Diese Podiumsdiskussion zeigte einmal mehr, dass es ohne uns keinen Fortschritt gibt.  Keine Konzepte zum Klimaschutz. Kein Termin für den Ausstieg aus Kohlekraft und fossilem Verbrennungsmotor. Nur Lippenbekenntnisse zum Ausbau erneuerbarer Energien.

Und was gab´s noch? Die Steuerbelastung der Wirtschaft ist zu hoch.

Die Erbschaftssteuer mit 5,7 Mrd Euro muss weg. Immerhin rund 1% des Gesamtsteueraufkommens. Wir wollen sie vor allem verfassungskonform machen. Das bedeutet, dass es keine Begünstigung hoher Vermögen durch Ausnahmeregelungen geben darf. Wir wollen vor allem die unteren Einkommen entlasten. Familien mit Kindern, Alleinerziehende. Und dafür die hohen Einkommen stärker zur Finanzierung der staatlichen Aufgaben heranziehen.
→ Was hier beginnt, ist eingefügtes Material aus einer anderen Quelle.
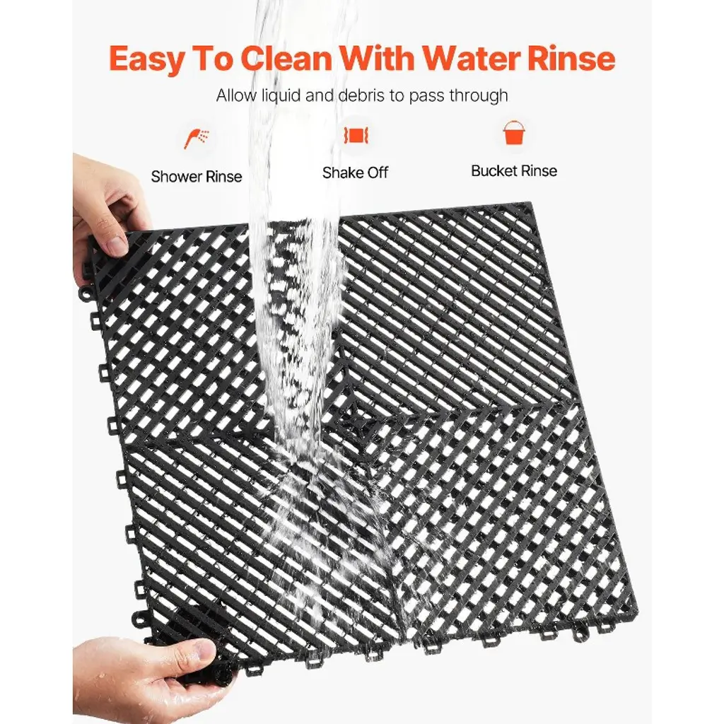 Vevor Interlocking Drainage Mat, 15.7” X 15.7” Modular Interlocking Cushion, 24 Pcs Splicing Drainage Mats, Non-slip Black Pp Drainage Floor Tile

Dazu gehört auch eine höhere Besteuerung von Kapitaleinkommen mit dem individuellen Steuersatz. Und die Verhinderung von Steuerhinterziehung und das Schließen von Steuerschlupflöchern.

Der BVMW wünscht sich mehr Geld für Forschung und Bildung in Höhe von rund 1% des Mwst-Aufkommens (ca. 40 Mrd Euro) zusätzlich zu den bisherigen Mitteln. Da kann man nur zustimmen. Auch wir haben ja eindeutige Vorschläge zur Bildungsfinanzierung vorgelegt.
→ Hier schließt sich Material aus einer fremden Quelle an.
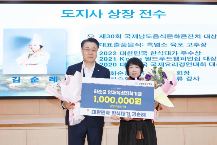 | 김순례 한식 대가, 화순장학회에 장학금 100만 원 기탁 |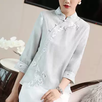 Literary retro Republic of China Zen women's clothing Chinese style Hanfu summer pan buckle upper cheongsam temperament elegant tea dress female summer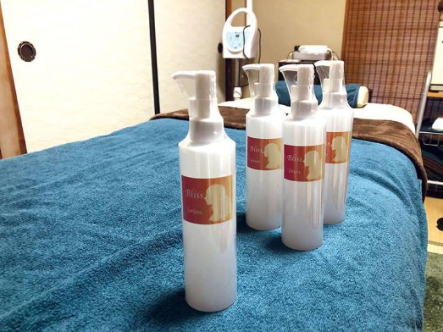 来店するお客さんには「自宅でのケアが大事ですよ」と話している山本オーナーは、5周年の記念と自宅でもしっかりケアをしてほしいとセラミド配合のオリジナル商品「ブリスローション」の販売を始めた。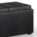 - Features a 5 piece ottoman set with 1 large rectangular ottoman and 2 smaller ottomans, large interior storage space, two flip over serving trays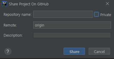 마지막으로 Share 버튼을 누르게 되면 깃허브 레파지토리에 커밋할 수 있습니다.

Der BMVW findet, dass Strom zu teuer ist. Wir wollen, dass die Energieträger nach dem CO2-Ausstoß besteuert werden. Die umwelt- und klimaschädlichen Wirkungen von Kohle, Öl und Erdgas müssen ihren Niederschlag im Preis finden. So schaffen wir Vorfahrt für Erneuerbare und schützen das Klima.
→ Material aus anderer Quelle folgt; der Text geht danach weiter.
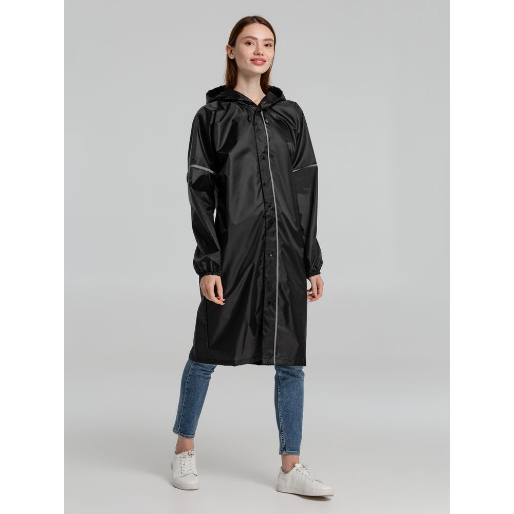 Плащ-дождевик из ткани оксфорд на кнопках с капюшоном. Световозвращающие элементы на рукавах и планке позволяют быть замеченным в темное время суток.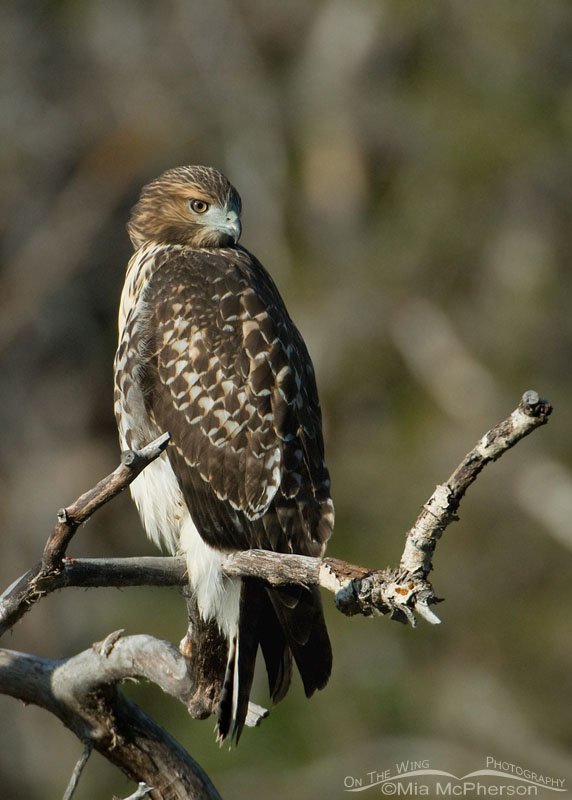 Title: Juvenile Red-tailed Hawk perched on a branch in a canyon

Löhne werden von der Wirtschaft als Kostenfaktor gesehen. Uns geht es darum, dass das Einkommen aus Arbeit zum Leben und auch zum Aufbau einer Alterssicherung reicht. Wir wollen keine prekären Arbeitsverhältnisse. Keine sachgrundlose Befristungen. Wir wollen Leiharbeit nur in engen Grenzen zur Überbrückung von Arbeitsspitzen, keinesfalls als Dauereinrichtung zum Lohndumping. Und wir wollen gleiche Bezahlung für gleiche Arbeit für Frauen und Männer.

An dieser Stelle möchte ich mich bei meinen Direktkandidatenkollegen Johann Saathoff, Reinhard Hegewald, Markus Stahl, Uwe-Reiner Ewen und Dr, Michael Berndt sehr herzlich für die Kollegialität und das angenehme Miteinander während der letzten Wochen bedanken. Es waren für mich interessante und bereichernde Begegnungen. Ich wünsche allen einen guten Restwahlkampf, überwiegend wohl auf Märkten und Straßen sowie ein gutes Ergebnis am 24.

Uns verband auf jeden immer die Einsicht, dass Populismus und Fremdenfeindlichkeit sich nicht in unserer politischen Kultur festsetzen dürfen.